++++ PROVIDED MATERIAL

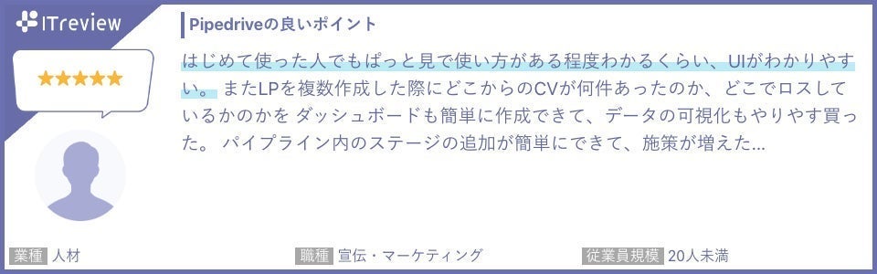 「Pipedrive」は、ITreviewで平均★4.6(2025年1月15日時点)という高評価を獲得し、実際のユーザーからも「営業プロセスの効率化が劇的に進んだ」「使いやすいUIで、誰でも簡単に操作できる」などの声をいただいています。当製品のご利用者様から実際に寄せられたレビューを一部ご紹介します。
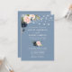 O Cartão de Convite para Casamento das Luzes das Cordas de Corda d'Água Elegante moderno Azul e Cor de Rosa Dusty inclui rosas cor-de-rosa, rosas azuis e verde.
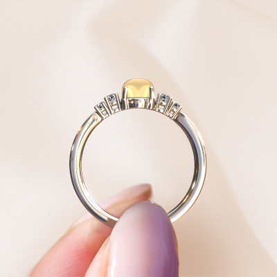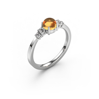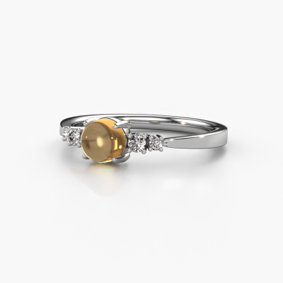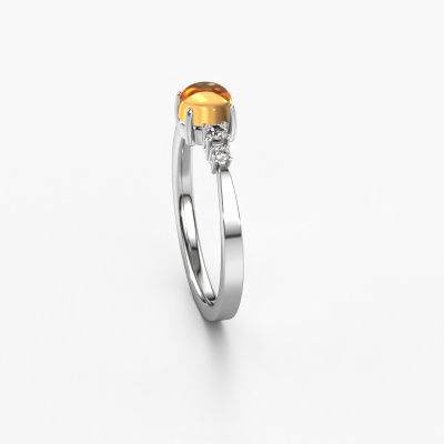 In this photo the platinum Regine ring is set with a cabochon citrin. Cabochon means a citrin is shaped first, not faceted, into a specific shape, such as a drop, heart or round cabochon. Subsequently, it is polished until the gemstone has a orb shaped surface. A cabochon gemstone is a stunning, classy eye-catcher that matches perfectly with a contemporary as well as a vintage style. Our expert goldsmiths shape the 5 stones ring to perfection which makes it unique. The cabochon citrin is set so its unique qualities are strengthened. Our goldsmiths passionately create your customized ring to your liking with the utmost care. The platinum ring, as shown here, can be customized using our online tool. Feel free to ask our jewel designers for assistance if you want changes made which are unavailable in our online tool. We are happy to answer your questions.Are you on a budget? Please feel free to contact us, so we can go discuss your options. We offer our rings at guaranteed best price, because we make them to order. You won't find such a price anywhere else!To make it easier for you, we offer a 30 day return policy. Check our terms and conditions.

++++++++

Take the listing above and restate it word for word, without its pictures.

TASK ANSWER:
 「Pipedrive」は、ITreviewで平均★4.6(2025年1月15日時点)という高評価を獲得し、実際のユーザーからも「営業プロセスの効率化が劇的に進んだ」「使いやすいUIで、誰でも簡単に操作できる」などの声をいただいています。当製品のご利用者様から実際に寄せられたレビューを一部ご紹介します。
 O Cartão de Convite para Casamento das Luzes das Cordas de Corda d'Água Elegante moderno Azul e Cor de Rosa Dusty inclui rosas cor-de-rosa, rosas azuis e verde.
 In this photo the platinum Regine ring is set with a cabochon citrin. Cabochon means a citrin is shaped first, not faceted, into a specific shape, such as a drop, heart or round cabochon. Subsequently, it is polished until the gemstone has a orb shaped surface. A cabochon gemstone is a stunning, classy eye-catcher that matches perfectly with a contemporary as well as a vintage style. Our expert goldsmiths shape the 5 stones ring to perfection which makes it unique. The cabochon citrin is set so its unique qualities are strengthened. Our goldsmiths passionately create your customized ring to your liking with the utmost care. The platinum ring, as shown here, can be customized using our online tool. Feel free to ask our jewel designers for assistance if you want changes made which are unavailable in our online tool. We are happy to answer your questions.Are you on a budget? Please feel free to contact us, so we can go discuss your options. We offer our rings at guaranteed best price, because we make them to order. You won't find such a price anywhere else!To make it easier for you, we offer a 30 day return policy. Check our terms and conditions.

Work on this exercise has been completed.